Unlike a pie or a loaf of bread, the beauty of cookies is the chance to test a batch to see the results and make adjustments for the next one, McKay said. Sometimes it is about learning what to watch.
With her Magic Cookie Bars, which contain graham cracker crumbs, walnuts, chocolate chips and coconut, McKay uses the coconut to gauge when the batch is done. “If the coconut gets too brown, I want to take them out of there.”
Some recipes are made so often that they become second nature. Margaret Aronhalt, who has been a Pink Streeter for three years, learned to make shortbread cookies from her mother.
Although she made them at other times, shortbread cookies were a Christmas tradition for her and her three siblings, and baking them still brings a sense of nostalgia.

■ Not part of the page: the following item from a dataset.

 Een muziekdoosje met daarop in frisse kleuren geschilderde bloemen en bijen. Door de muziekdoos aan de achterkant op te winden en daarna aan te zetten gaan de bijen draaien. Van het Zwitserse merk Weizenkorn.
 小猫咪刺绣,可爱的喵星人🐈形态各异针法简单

“Often we would take the shortbread and roll it in a ball,” said Aronhalt, 58, of Frederick County. “We would dip the fork in water, and we would get to squash the cookies and put little sprinkles on them.”

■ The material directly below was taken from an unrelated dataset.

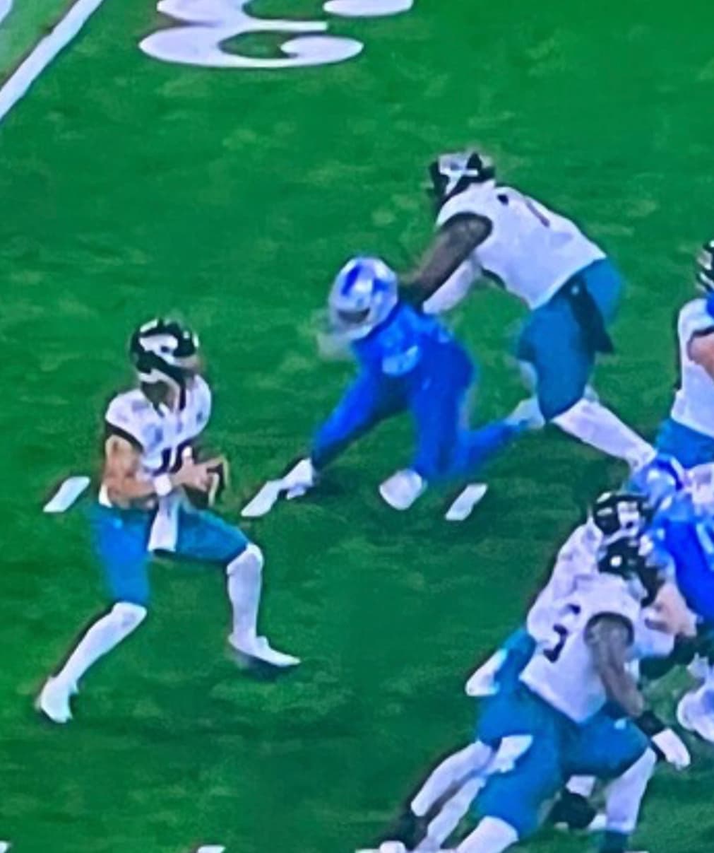 On the sack in Jax game, Hutch was blocked by 3 guys. Line Houston up against their taller OT and they will start having to have the RB chip on Houston instead of Hutch. Romeo comes back as well. Get them QB’s down !!

To make them nice and cheery for the holiday, Aronhalt likes to use homemade colored sugar — combing a couple of spoonfuls of sugar with a few drops of food coloring. “Mix it with a spoon until it dries and you can sprinkle it on.”
“It just makes them a little fancier when you make your own colored sugar. It gives them a little sweeter taste,” she said.
Don’t think that cookies must be fancy to be good, though, Lausier said. Some of the best cookies have the simplest recipes. One member dips Oreos in melted chocolate, lets them harden on wax paper, and applies a little candy gingerbread man or Santa face on top to make them look festive.
Lausier often makes Mary’s Easy Chocolate Drops, a recipe originally made by another church member, Mary Morrison, who died of cancer. The recipe calls for chocolate and butterscotch chips to be melted and combined with shoestring potatoes and salted peanuts. Spoonfuls are dropped on wax paper and chilled for 15 minutes.
Another new recipe she found and has tried (much to her grandchildren’s delight) is a twist on a cookie pizza. She takes a tube of refrigerated sugar cookie dough, presses it into a large circle, and bakes it on a pizza pan at 350 degrees for 18 to 22 minutes.
When it cools, she can spread it with a mixture of melted semi-sweet chocolate chips and peanut butter as the “sauce” and then add toppings, including peanut butter cups, red and green M&Ms, or other crushed candy bars.
One source Lausier uses is the Internet site Pinterest, which has become a great way to find new recipes — it has so many fun and creative ideas to try, she said.
The Pink Streeters’ annual Holiday Bazaar and Cookie Walk will be held from 8 a.m. to 1 p.m. Dec. 22 in Market Street United Methodist Church at 131 S. Cameron St. in Winchester.